=== Records from a collection ===
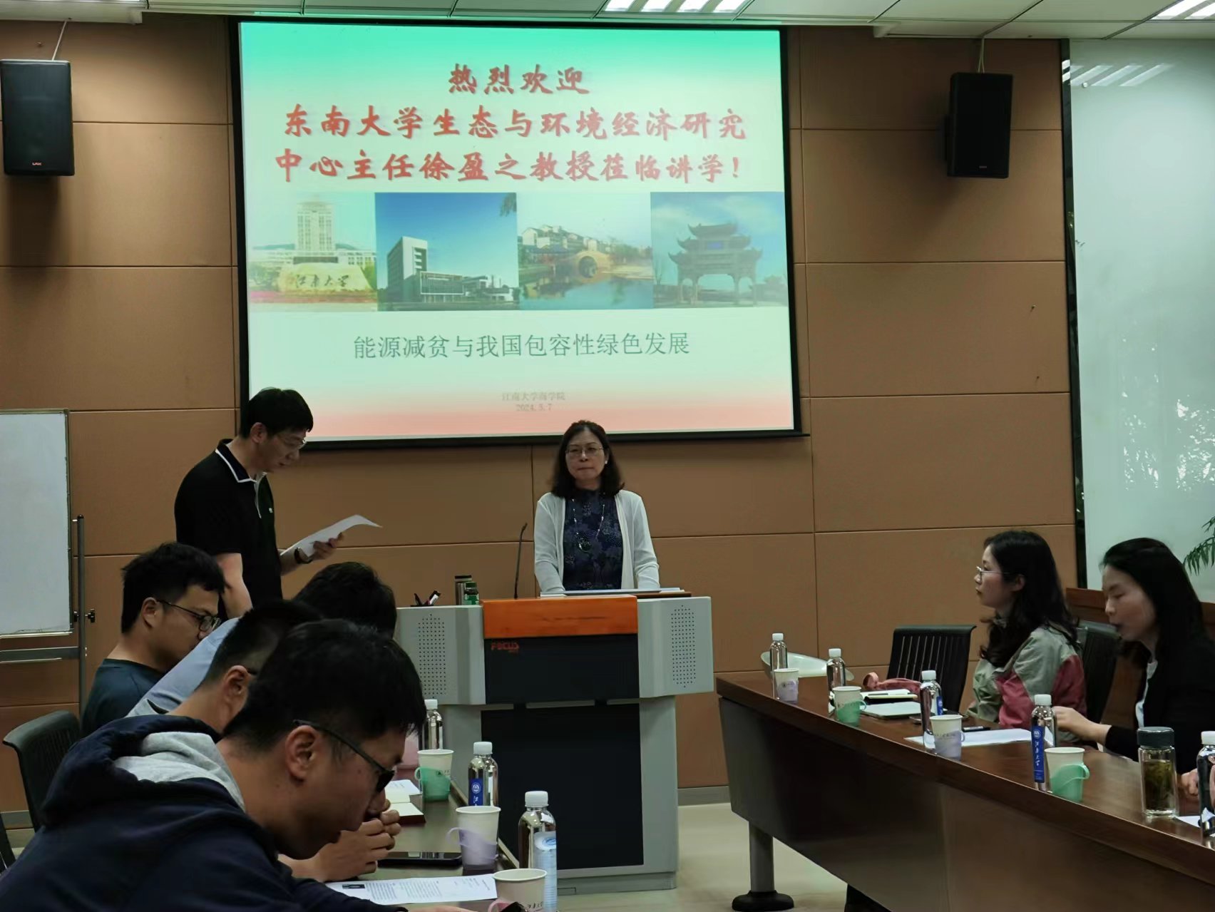 5月7日下午,“商学大讲堂”系列学术讲座第241讲在成人片 118报告厅举行。东南大学经济管理学院特聘教授、生态与环境经济研究中心主任徐盈之应邀作题为“能源减贫与我国包容性绿色发展”的学术讲座。本次讲座由国际经济与贸易系主任戴越副教授主持,成人片 教师和应用经济学、金融学等专业研究生近50人参加。
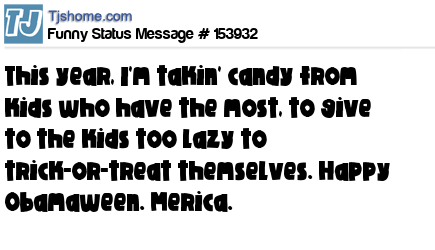 X says This year, I'm takin' candy from kids who have the most, to give to the kids too lazy to trick-or-treat themselves. Happy Obamaween. Merica.
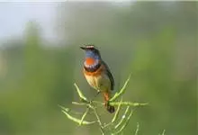 蓝点颏亦称“蓝喉歌鸲”,通称蓝靛颏儿。身体大小和麻雀相似,体长12-13厘米,体重17-18克。头部、上体主要为土褐色。眉纹白色。尾羽黑褐色,基部栗红色。颏部、喉部辉蓝色,下面有黑色横纹。下体白色。…全部>>
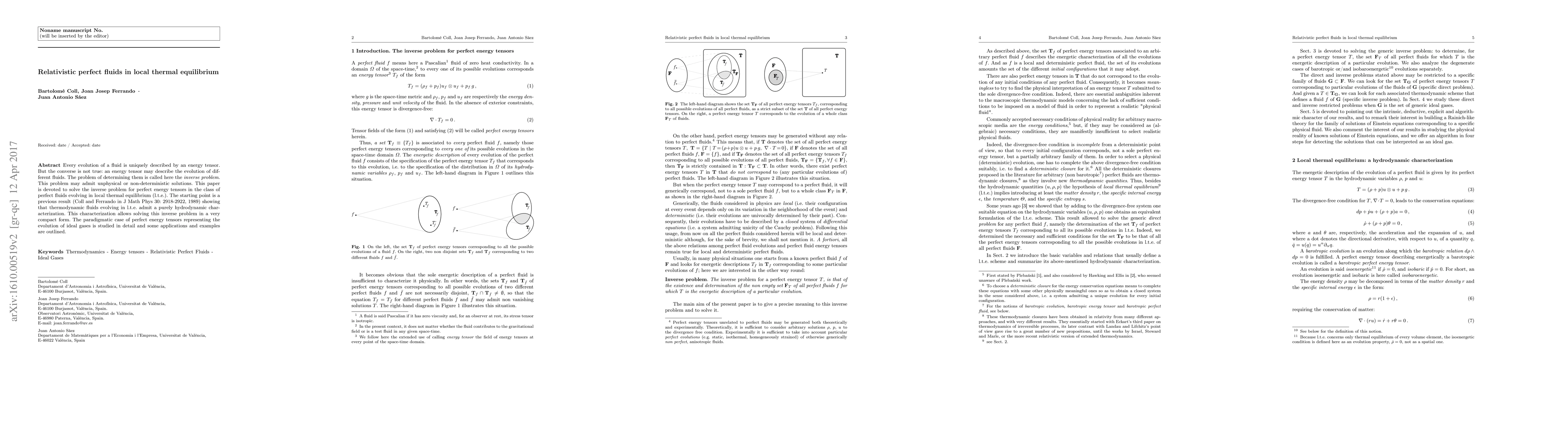 Every evolution of a fluid is uniquely described by an energy tensor. But the converse is not true: an energy tensor may describe the evolution of different fluids. The problem of determining them is called here the {\em inverse problem}. This problem may admit unphysical or non-deterministic solutions. This paper is devoted to solve the inverse problem for perfect energy tensors in the class of perfect fluids evolving in local thermal equilibrium (l.t.e.). The starting point is a previous result (Coll and Ferrando in J Math Phys 30: 2918-2922, 1989) showing that thermodynamic fluids evolving in l.t.e. admit a purely hydrodynamic characterization. This characterization allows solving this inverse problem in a very compact form. The paradigmatic case of perfect energy tensors representing the evolution of ideal gases is studied in detail and some applications and examples are outlined.
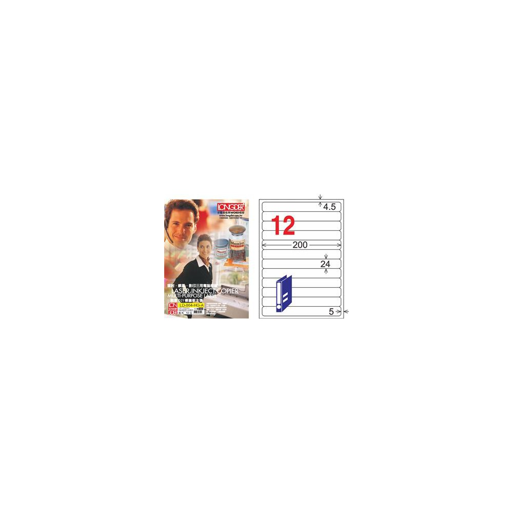 龍德 LD-864-HG-A A4三用電腦標籤 亮面防水相片噴墨材質 白色 24x200mm 12格 105 大張
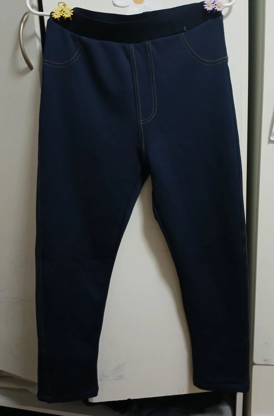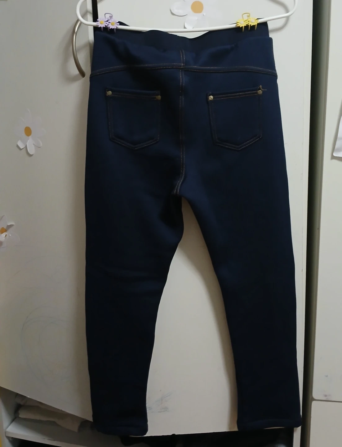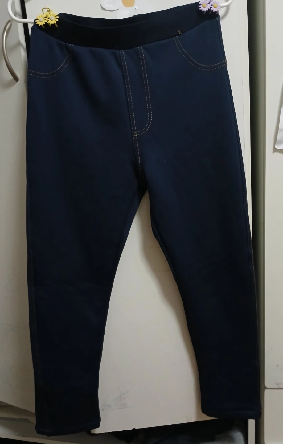 Cozy navy blue leggings with a fleece lining. These pants have a comfortable elastic waistband and faux front pockets. They're designed for warmth and casual wear. Waist measures approximately 30 cm, inseam is about 40 cm.

=== PROBLEM TO WORK ON ===
An exact copy of the entries above is required; pictures are not part of it.

=== SOLUTION ===
 5月7日下午,“商学大讲堂”系列学术讲座第241讲在成人片 118报告厅举行。东南大学经济管理学院特聘教授、生态与环境经济研究中心主任徐盈之应邀作题为“能源减贫与我国包容性绿色发展”的学术讲座。本次讲座由国际经济与贸易系主任戴越副教授主持,成人片 教师和应用经济学、金融学等专业研究生近50人参加。
 X says This year, I'm takin' candy from kids who have the most, to give to the kids too lazy to trick-or-treat themselves. Happy Obamaween. Merica.
 蓝点颏亦称“蓝喉歌鸲”,通称蓝靛颏儿。身体大小和麻雀相似,体长12-13厘米,体重17-18克。头部、上体主要为土褐色。眉纹白色。尾羽黑褐色,基部栗红色。颏部、喉部辉蓝色,下面有黑色横纹。下体白色。…全部>>
 Every evolution of a fluid is uniquely described by an energy tensor. But the converse is not true: an energy tensor may describe the evolution of different fluids. The problem of determining them is called here the {\em inverse problem}. This problem may admit unphysical or non-deterministic solutions. This paper is devoted to solve the inverse problem for perfect energy tensors in the class of perfect fluids evolving in local thermal equilibrium (l.t.e.). The starting point is a previous result (Coll and Ferrando in J Math Phys 30: 2918-2922, 1989) showing that thermodynamic fluids evolving in l.t.e. admit a purely hydrodynamic characterization. This characterization allows solving this inverse problem in a very compact form. The paradigmatic case of perfect energy tensors representing the evolution of ideal gases is studied in detail and some applications and examples are outlined.
 龍德 LD-864-HG-A A4三用電腦標籤 亮面防水相片噴墨材質 白色 24x200mm 12格 105 大張
 Cozy navy blue leggings with a fleece lining. These pants have a comfortable elastic waistband and faux front pockets. They're designed for warmth and casual wear. Waist measures approximately 30 cm, inseam is about 40 cm.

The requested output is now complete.